Defense

Legal Rulings, Protests Impede Navy Broadband Ground Station in Sicily

Sicilians protested the MUOS station along Palermo's Via Roma in April.

Sicilians protested the MUOS station along Palermo's Via Roma in April. // YouTube

Legal action by the governor of  Sicily and protests that have spanned more than a year have delayed construction of a ground station essential to control the Navy’s fleet of  broadband satellites designed to provide high data communications to small shipboard and ground terminals, including Army manpack radios.

Construction of the ground station for the Navy Mobile User Objective System, or MUOS, was halted by Sicilian Governor Rosario Crocetta in March due to concerns about potential health effects of satellite uplinks. In April, 10,000 protestors blocked access to the transmitter site, which is operated by the Naval Computer and Telecommunications Station in Sicily, adjacent to the small town of Niscemi.

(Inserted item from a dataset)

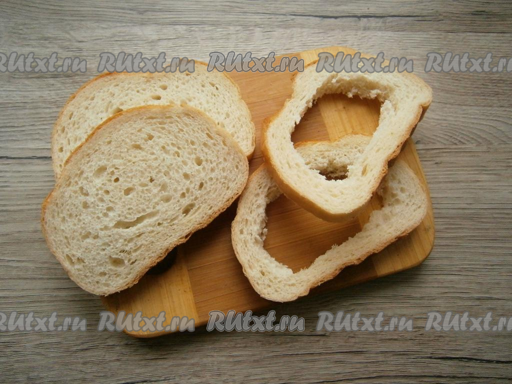 Два ломтя батона оставить целыми, у двух - вырезать мякиш (как на фото).

At a Jan. 16 press conference in Rome, then-Defense Secretary Leon Panetta said he understood resistance to the ground station for health reasons. “I understand those concerns,” he said. “We have done studies to indicate that there are no -- there are no risks in terms of health as a result of that.”

Space News reported on June 21 that an Italian court was set to overrule Sicily’s governor this month, a move that would allow construction to resume on the Niscemi ground station, one of four MUOS stations, with the others located in Australia, Hawaii and Virginia. The ground stations are interconnected through a global high-speed fiber optic network.

Each ground station can access two of the five MUOS satellites, all of which are expected to have launched by 2016, with the Sicily ground station essential for communications through the constellation.

The Navy successfully launched the second MUOS satellite last Friday. Navy Capt. Paul Ghyzel, program manager at the Satellite Communications Program Office of the Space and Naval Warfare Systems Command told a press briefing last week that with two operational satellites, MUOS will be able to cover two-thirds of the globe.

Full coverage will come with the launch of the fourth satellite in 2015, and Space News reported that any further delays on construction on the ground station in Sicily could mean it will not be ready when MUOS goes into full operation.